Atopic dermatitis, the most common form of eczema, could be treated with a protein known to protect the fetus against attack from the mother’s immune system during pregnancy, a new study suggests.
Researchers from Japan found that the protein, called human leukocyte antigen-G1 (HLA-G1), significantly improved skin lesions in mice with atopic dermatitis.
What is more, HLA-G1 was found to reduce immune system activity among rodents in response to dust mites, a common allergen for atopic dermatitis.
Study co-author Prof. Katsumi Maenaka, of the Faculty of Pharmaceutical Sciences at Hokkaido University in Japan, and colleagues recently reported their findings in the journal International Immunopharmacology.
Atopic dermatitis is a chronic form of eczema, which is an inflammatory skin condition characterized by rashes – particularly on the face, hands, feet, and behind the elbows and knees – and dry, itchy skin.
The symptoms of atopic dermatitis can be triggered by exposure to a number of irritants and allergens, including dust mites, pet dander, mold, pollen, cigarette smoke, and certain foods.
According to the American Academy of Dermatology, atopic dermatitis is estimated to affect at least 28 million people in the United States. The condition is most common among infants and children; around 90 percent of people with atopic dermatitis develop it before the age of 5 years.

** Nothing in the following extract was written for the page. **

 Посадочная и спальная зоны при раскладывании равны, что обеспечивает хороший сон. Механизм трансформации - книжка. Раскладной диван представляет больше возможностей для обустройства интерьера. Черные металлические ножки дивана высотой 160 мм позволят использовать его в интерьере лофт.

There is currently no cure for atopic dermatitis, but there are treatments to help manage the condition. These include medications such as corticosteroids, good skincare routines, and drugs that curb the immune system response.

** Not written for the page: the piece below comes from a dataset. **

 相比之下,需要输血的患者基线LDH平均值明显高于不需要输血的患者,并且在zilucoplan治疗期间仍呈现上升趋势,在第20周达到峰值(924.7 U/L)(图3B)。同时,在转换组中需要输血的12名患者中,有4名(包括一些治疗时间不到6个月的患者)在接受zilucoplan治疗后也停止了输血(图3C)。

The new study from Prof. Maenaka and team may have identified another strategy to help treat allergic responses in atopic dermatitis: topical administration of HLA-G1.
HLA-G1 is a form of the HLA-G protein, which previous research has linked to fetal protection from maternal immune system attacks during pregnancy.

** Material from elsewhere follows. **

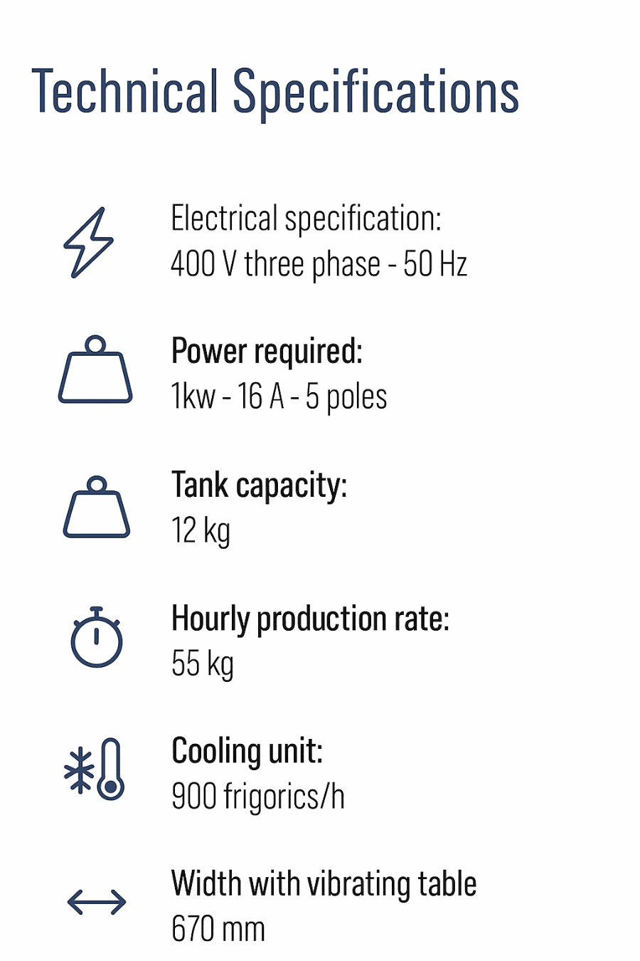 • Tempers 12 Kg of chocolate in 7 minutes.

To test whether HLA-G1 might help to dampen the immune response in atopic dermatitis, the researchers tested the protein on mice with the condition.
To induce symptoms of atopic dermatitis in the mice, the researchers exposed them to dust mites for 15 days. This led to bleeding, dry skin, and scarring on the rodents’ ears.
The researchers then treated some of the mice with HLA-G1 by applying the protein to their ears every other day for a total of 20 days.
The team found that mice treated with HLA-G1 not only showed a significant improvement in skin lesions, but blood samples from the rodents revealed that their immune responses had been reduced, compared with untreated mice.
Unlike some current treatments for atopic dermatitis, the researchers note that HLA-G1 did not trigger weight loss.
Overall, the results suggest that HLA-G1 may offer a safer, more effective treatment option for atopic dermatitis, and it may also lead to treatments for other inflammatory diseases.
“Our study provides novel insights on the function of HLA-G proteins, which can provide clues on efficient therapeutic strategies for patients with atopic dermatitis, rheumatoid arthritis, and other related diseases.”
Prof. Katsumi Maenaka
“Further investigation is needed to better understand HLA-G’s suppressive mechanism against excessive immune reactions,” he adds.